Unicameral legislature of Azad Kashmir

The Legislative Assembly of Jammu and Kashmir, also known as AJK Legislative Assembly, is a unicameral legislature of elected representatives of the autonomous state of Azad Jammu and Kashmir, which is located in Muzaffarabad.
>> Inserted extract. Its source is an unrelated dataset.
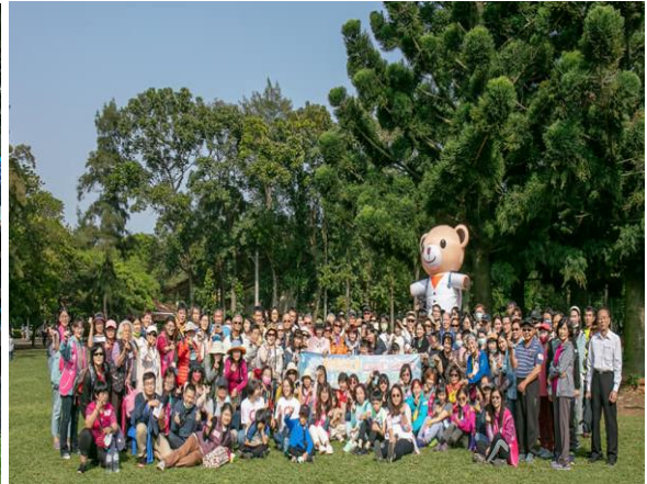
3/19 陪伴捐贈者家屬參與器官捐贈移植 3/19 捐贈者家屬於埔心牧場大合影 登錄中心舉辦之關懷活動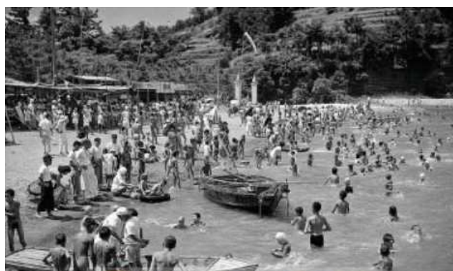
昭和27年 茂木根海水浴場

It was established under the Interim Constitution of AJK having a total of 53 seats, with 45 general seats (of which 33 are elected from constituencies within the Azad Kashmir territory and 12 from seats reserved for refugees from Indian administered Jammu and Kashmir who live across Pakistan), while 8 are reserved of which 5 are for women, 1 for ulama, 1 for a technocrat and 1 for J&K nationals residing abroad.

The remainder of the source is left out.